▼▼▼
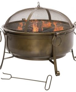 Bring your patio warmth and ambiance that your family and friends are sure to flock to with our Large Wood Burning Fire Pit Cauldron Style Steel Bowl w/ BBQ Grill, Log Poker, and Mesh Screen Lid! It can be used not only for heating, but also for grilling with a barbecue mesh. Constructed with durable painted steel, this pit can withstand high temperature up to 752℉. A fire poker included for protecting your family members from being scalded. Stylish and practical, it is a must-have as a reliable way to enjoy a real outdoor wood burning fire.
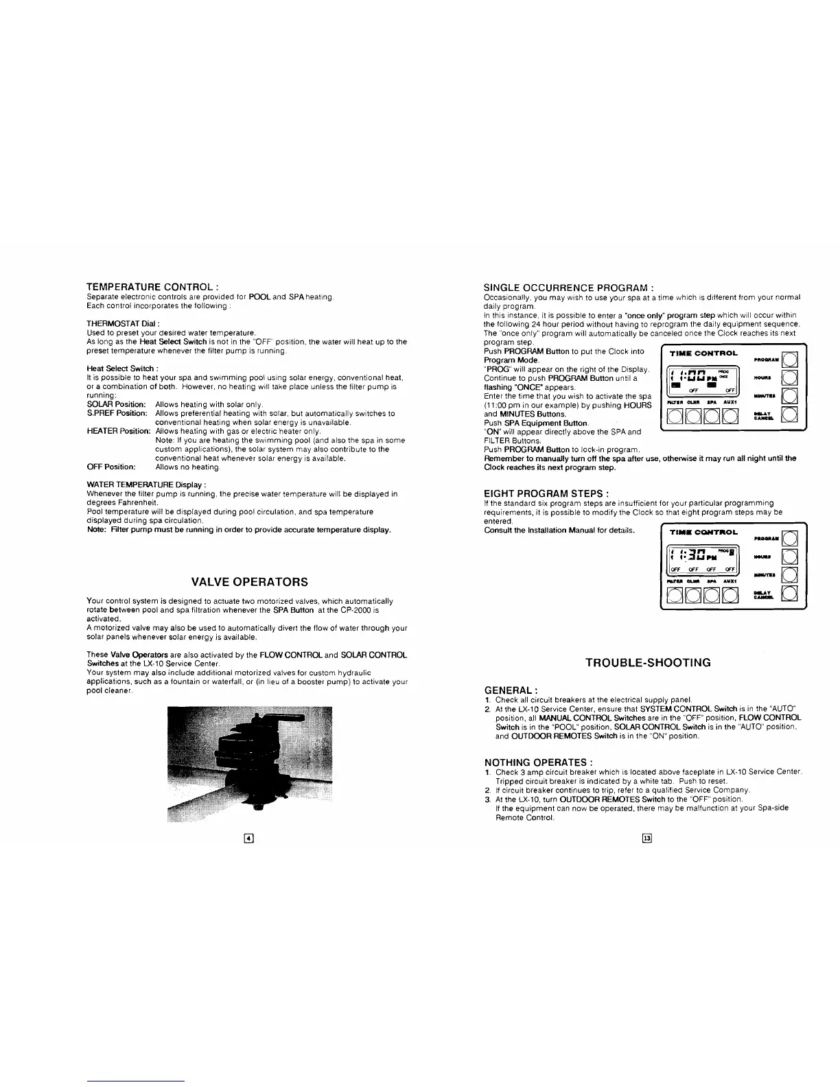 These Valve Operators are also activated by the FLOW CONTROL and SOLAR CONTROL
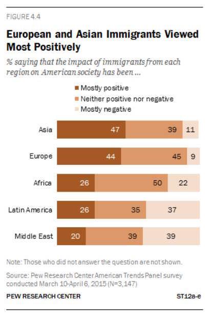 And although there are differences in American attitudes toward immigrants from different regions of the world, the differences aren't huge, and they don't perfectly line up with how developed the regions are. For example, here's a 2015 poll by Pew, finding that immigration from Africa is viewed more favorably than immigration from the much more developed regions of Latin America and the Middle East:
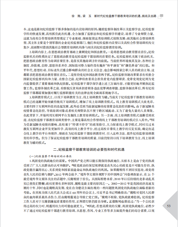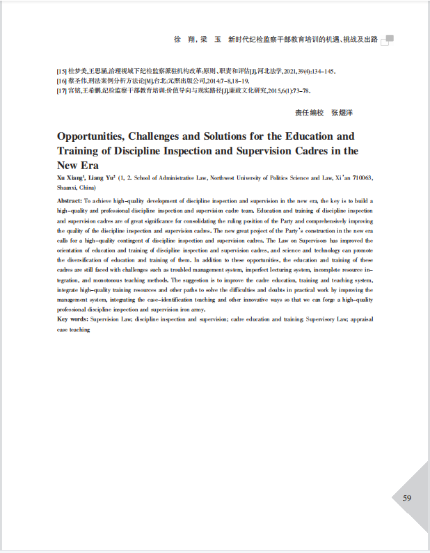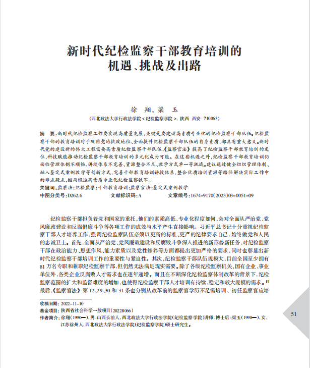 成人抖音徐翔老师与监察法学专业研究生梁玉同学合作的《新时代纪检监察干部教育培训的机遇、挑战及出路》一文,在《廉政文化研究》2023年第3期刊发。
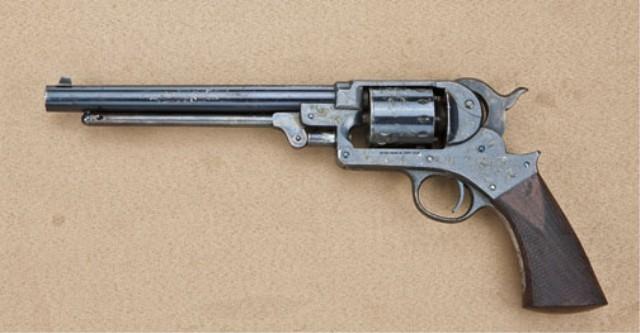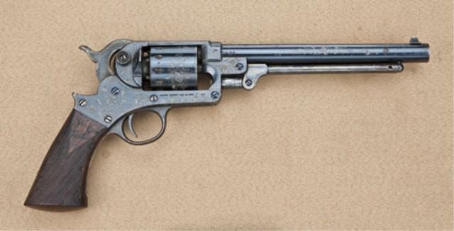 Starr .44 percussion caliber single-action revolver 8” barrel, blued finish, checkered wood grips, period scroll engraved, serial #52790. The pistol shows Belgian proofs and no inspection marks. The pistol is engraved in a light floral scroll cut through the blue and the military quality wood grips are nicely commercially checkered at time of engraving. Approx. 6 star revolvers have surfaces, two pairs, that are engraved nearly identically in this mannor. It is our theory that they were embellished to market them after the Civil War when sales were slow. The pistol shows 80-90% original blue finish drifting at the edges, still very bright on the barrel. 90% plus fiery case colors on hammer and loading lever. The grips are very good with some minor storage marks and handling. The action is good, the bore is near excellent. The small parts and screws show bright original blue and the revolver has seen very little to almost no use. A couple of minor storage scratches. Est: $4,000 - $6,000
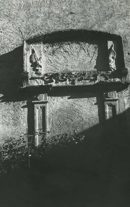 Château du Vieux-Bost : Chapelle, éléments sculptés décoratifs réemployés (cheminée?), vue partielle
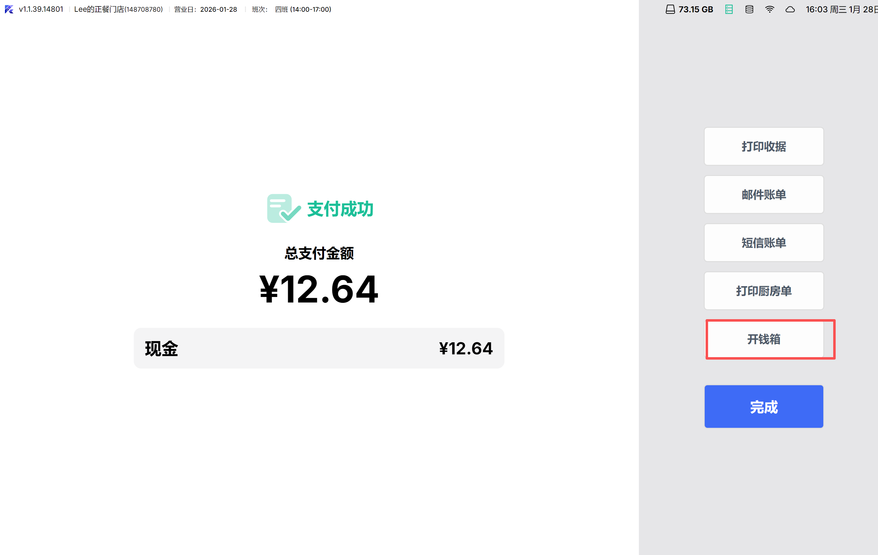 - WINPOS-结账完成页:增加 开钱箱 按钮,有权限的可以随时打开钱箱;
▲▲▲
● **Exercise directions**:
Beginning with the first line of the records above, extract each line exactly through the line that holds "Starr .44 percussion", both ends included. Omit pictures.

● **Result**:
 Bring your patio warmth and ambiance that your family and friends are sure to flock to with our Large Wood Burning Fire Pit Cauldron Style Steel Bowl w/ BBQ Grill, Log Poker, and Mesh Screen Lid! It can be used not only for heating, but also for grilling with a barbecue mesh. Constructed with durable painted steel, this pit can withstand high temperature up to 752℉. A fire poker included for protecting your family members from being scalded. Stylish and practical, it is a must-have as a reliable way to enjoy a real outdoor wood burning fire.
 These Valve Operators are also activated by the FLOW CONTROL and SOLAR CONTROL
 And although there are differences in American attitudes toward immigrants from different regions of the world, the differences aren't huge, and they don't perfectly line up with how developed the regions are. For example, here's a 2015 poll by Pew, finding that immigration from Africa is viewed more favorably than immigration from the much more developed regions of Latin America and the Middle East:
 成人抖音徐翔老师与监察法学专业研究生梁玉同学合作的《新时代纪检监察干部教育培训的机遇、挑战及出路》一文,在《廉政文化研究》2023年第3期刊发。
 Starr .44 percussion caliber single-action revolver 8” barrel, blued finish, checkered wood grips, period scroll engraved, serial #52790. The pistol shows Belgian proofs and no inspection marks. The pistol is engraved in a light floral scroll cut through the blue and the military quality wood grips are nicely commercially checkered at time of engraving. Approx. 6 star revolvers have surfaces, two pairs, that are engraved nearly identically in this mannor. It is our theory that they were embellished to market them after the Civil War when sales were slow. The pistol shows 80-90% original blue finish drifting at the edges, still very bright on the barrel. 90% plus fiery case colors on hammer and loading lever. The grips are very good with some minor storage marks and handling. The action is good, the bore is near excellent. The small parts and screws show bright original blue and the revolver has seen very little to almost no use. A couple of minor storage scratches. Est: $4,000 - $6,000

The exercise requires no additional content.